[EM] [Election-Methods] [english 94%] PRfavoringracialminorities

Jonathan Lundell jlundell at pobox.com
Sat Aug 16 22:39:42 PDT 2008


On Aug 16, 2008, at 10:08 PM, Juho wrote:

> I was thinking of the regular political parties that otherwise exist  
> in the country but that are not relevant in these school elections.
>
>>  But you
>> cannot have "lists" without some comparable formal procedures.  And  
>> in any event, "basic lists" are never sufficient, if you believe
>> that the essence of representative democracy is allowing the voters  
>> to select their representatives as freely as possible.
>
> It is a positive target to allow voters to select their  
> representatives as freely as possible. There are however also other  
> criteria (e.g. simplicity, clarity), and in these school elections  
> also simple lists might well be sufficient. (I don't see lists as a  
> necessity in these school elections but as an option that would  
> probably work well enough.)
>
>>  Lists of
>> any kind will always be constraining.  And they are unnecessary (as  
>> well as, in my view, undesirable).
>
> Constraining in the sense of not being most flexible, yes. Why do  
> you see lists as undesirable?

What problem are they solving? My local school board and city council  
elections under STV would have five seats open, and based on the  
experience of the last few years, maybe ten candidates.

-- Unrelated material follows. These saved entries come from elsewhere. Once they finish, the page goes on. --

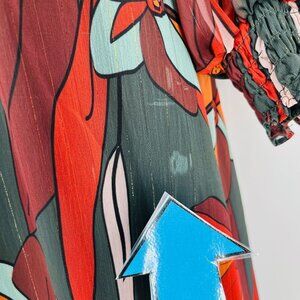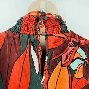 Forest Lily Mini Dress Size XS High Neck, Elastic Waist Fall Print Metallic
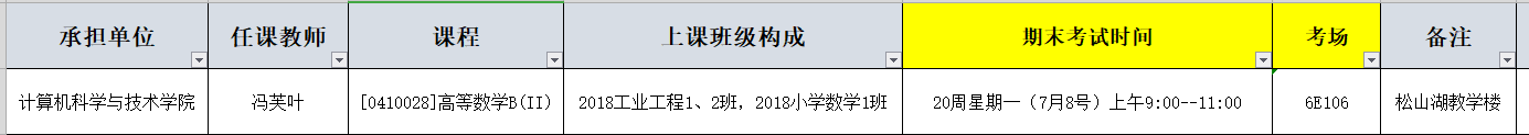 期末考试安排 (2018-2019学年第二学期 太阳集团tyc151开课课程)
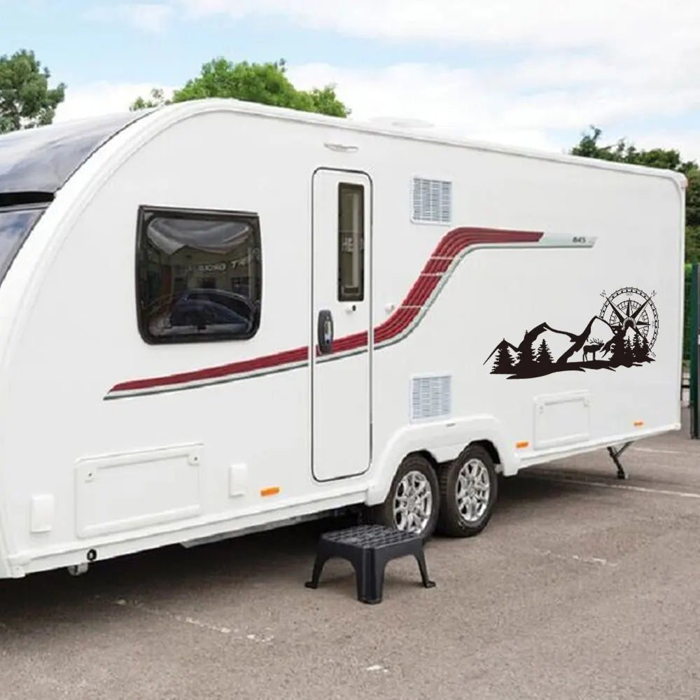 Transform your recreational vehicle with our 2PCS Car Stickers Mountain Graphics, specially designed for Motorhome, Horsebox, Caravan, and RV Camper Van body decor. These high-quality vinyl decals are the perfect way to personalize your camper van, bringing a touch of adventure to your travels. Made from durable PVC, these campervan graphics are resistant to fading and ensure a long-lasting finish that will withstand the rigors of the road.
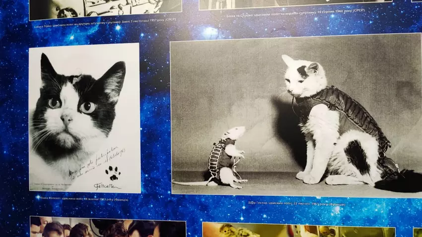Tussen de foto's van de eerste dieren die naar de ruimte werden gestuurd (de honden Laika, Belka en Strelka, en een chimpansee die door de VS werd gestuurd), was het interessant om de Franse kat Felicette te zien. Zij werd op 18 oktober 1963 naar een hoogte van 160 kilometer gestuurd. Maar de kat vertoonde grote onrust tijdens de vlucht, zodat er geen katten meer de ruimte in werden gelanceerd. De chimpansees waren overigens erg nerveus tijdens de vlucht, maar de honden waren volgens de gids rustiger.
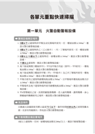 書中將各單元的重要觀念,依教材之邏輯架構整理彙編,簡潔而扼要,可說字字重點。「老師解說」可延伸教材視窗,以求更上一層樓。書中單元系統架構完整,讓你掌握警報與避難設備精髓所在。架構及特色如下:
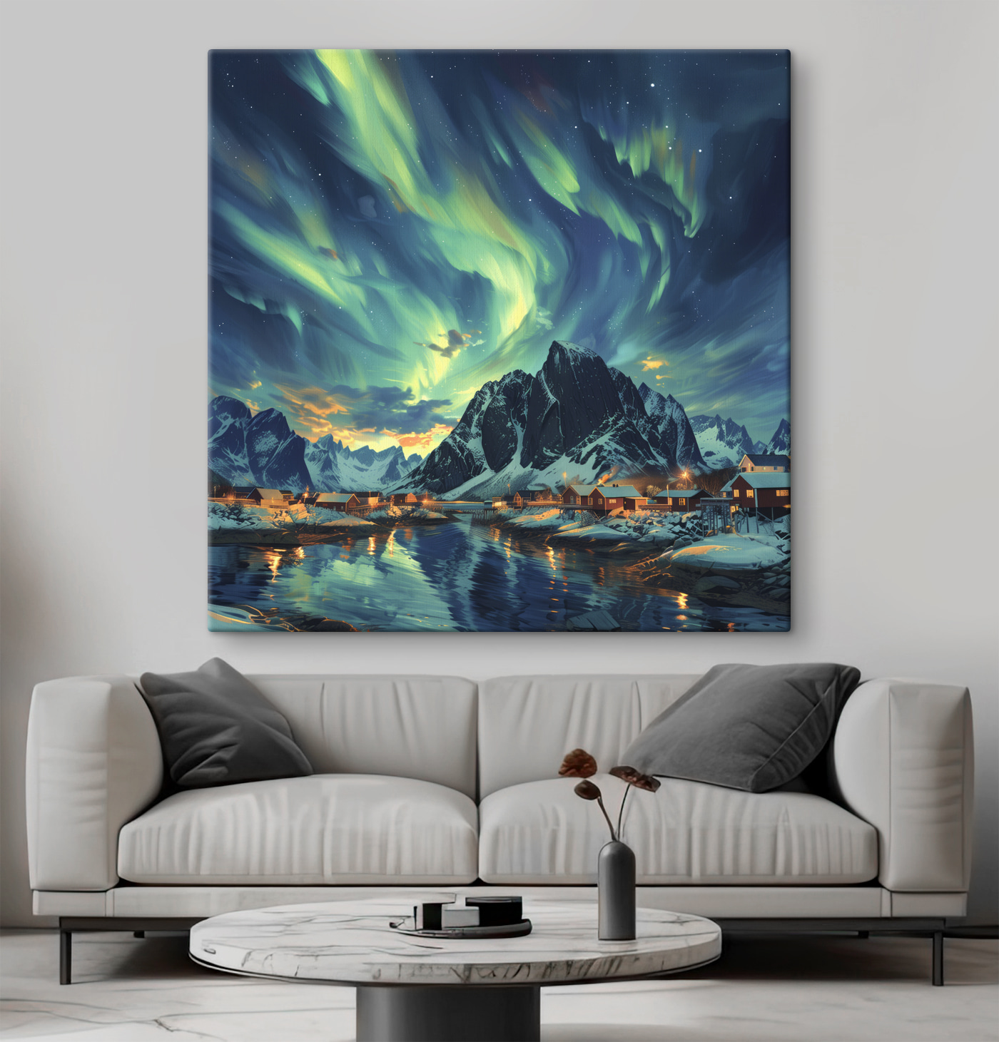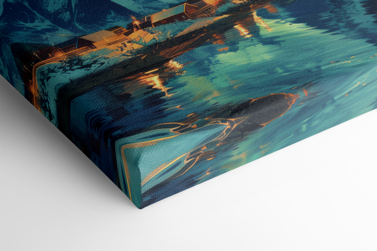 Stel je eens voor dat je wakker wordt in een wereld waar de lucht danst van de kleuren, zachte sneeuw de grond bedekt en gezellige huizen langs een sereen meer staan. Met deze canvasprint “Landschap met een meer en huizen in de sneeuw” haal je die sfeer in huis. Het is perfect voor natuurliefhebbers of dromers die een besneeuwd wonderland niet kunnen weerstaan. Voel de vredige sfeer je kamer binnensijpelen. Het kan zelfs inspireren tot een kop warme chocolademelk bij het vuur. Zet hem ergens neer waar je je ontspant en zie hoe elke dag aanvoelt als een sneeuwdag!
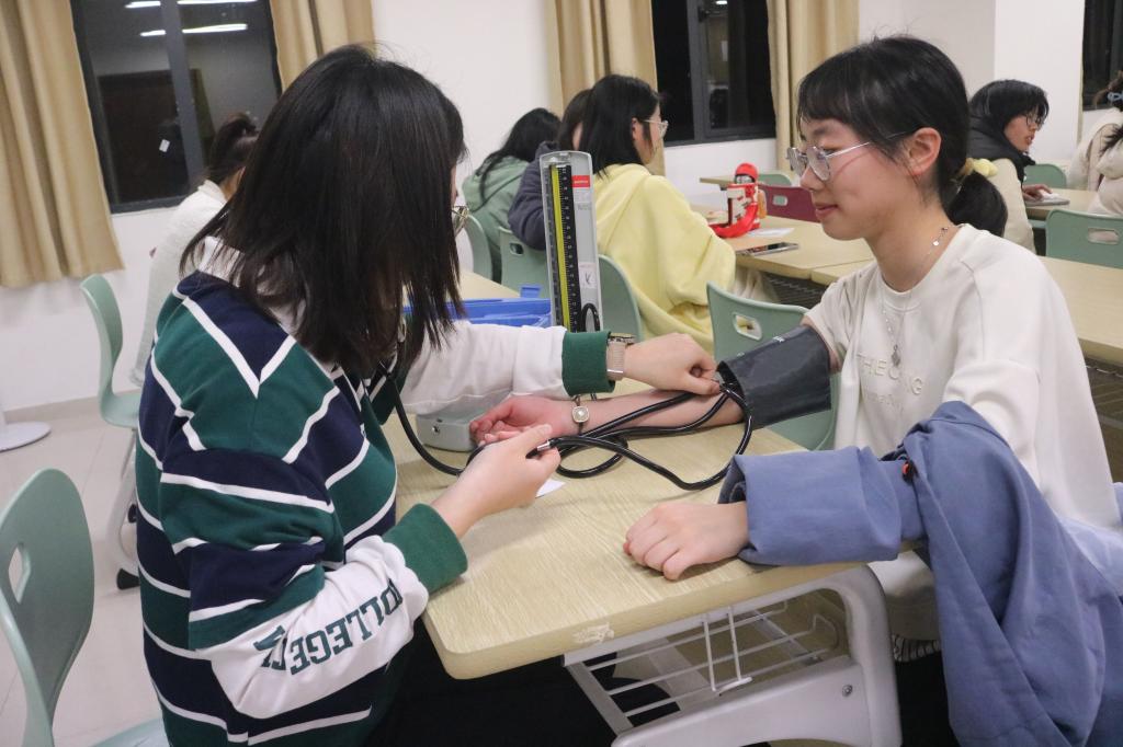 在模拟实操环节,同学们自由组队,积极互动,轮流进行现场操作,模拟量血压、测血糖等实践技能。操作过程中,培训人员重点关注大家的操作流程和操作手法是否正确。最后针对同学们的疑问一一进行答疑解惑,理论结合操作,为后期的实践打下夯实的基础。
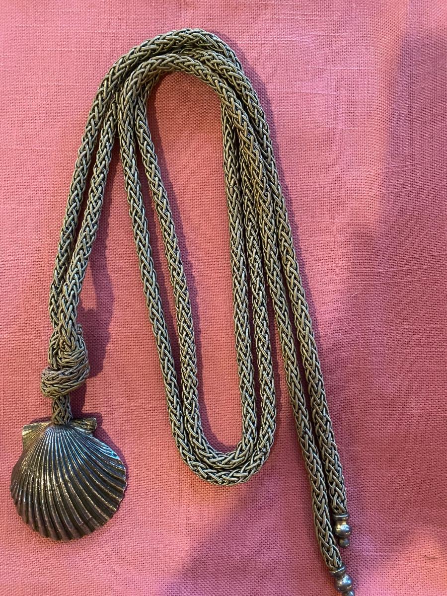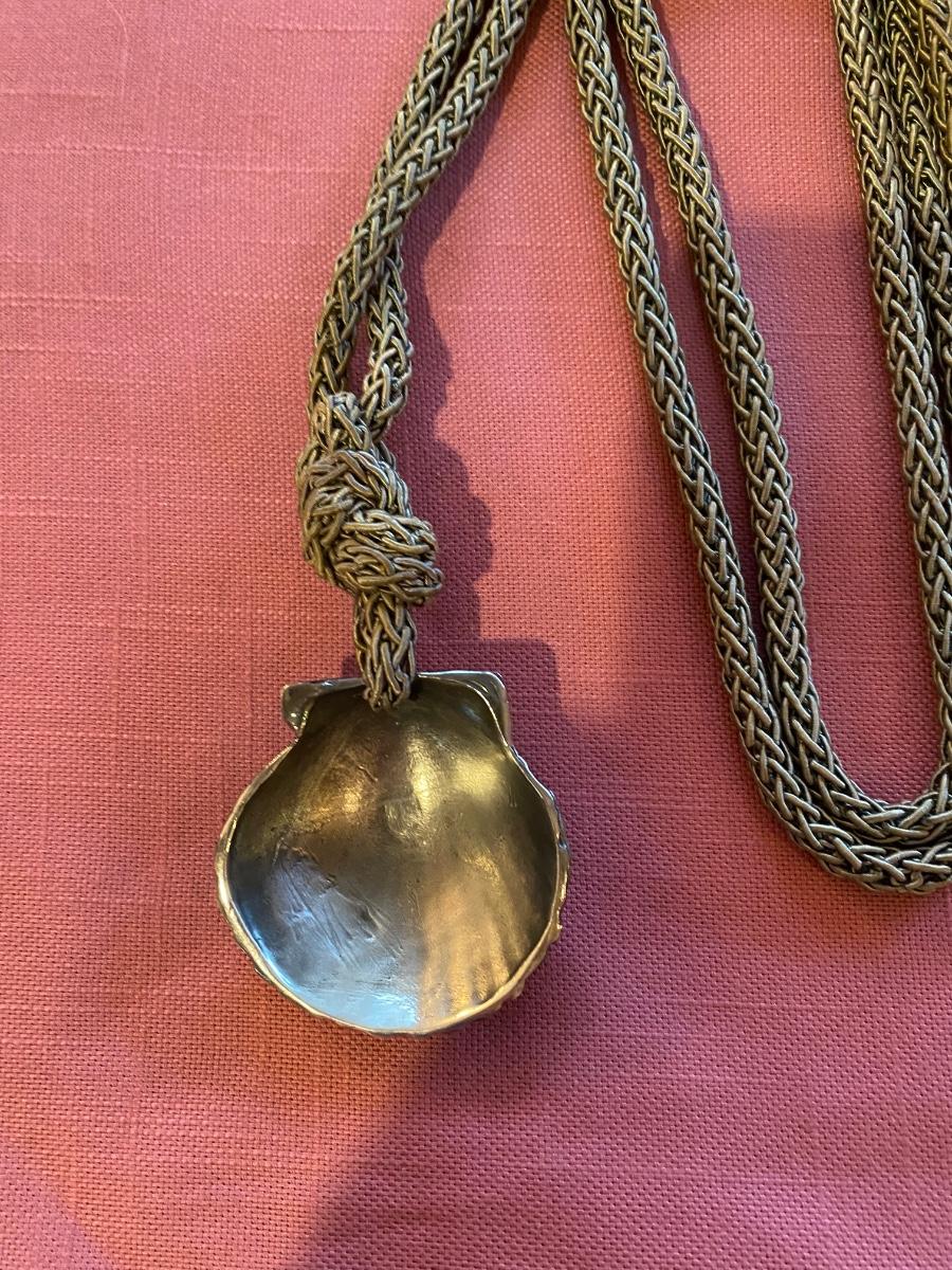 Early Mignon Faget unsigned sterling clamshell belt buckle on cord. Purchased at MF shop in the early 80s. 2-1/4”W x 2-1/2”L

If candidates  
want to run as slates, and encourage a particular ranking, they're  
free to do that; they do that now with FPTP elections. Voters have  
unconstrained choice (within the set of candidates, anyway).  
Interposing lists between the voters and the candidates seems like an  
extra and unnecessary layer of complication.

I can see that direct ranking would be burdensome if California (say)  
were to use at-large STV for the entire state assembly, and have 80  
open seats and hundreds of candidates on a single ballot. But STV  
proposals are typically more modest than that, with districts having  
on the order of 5-9 seats.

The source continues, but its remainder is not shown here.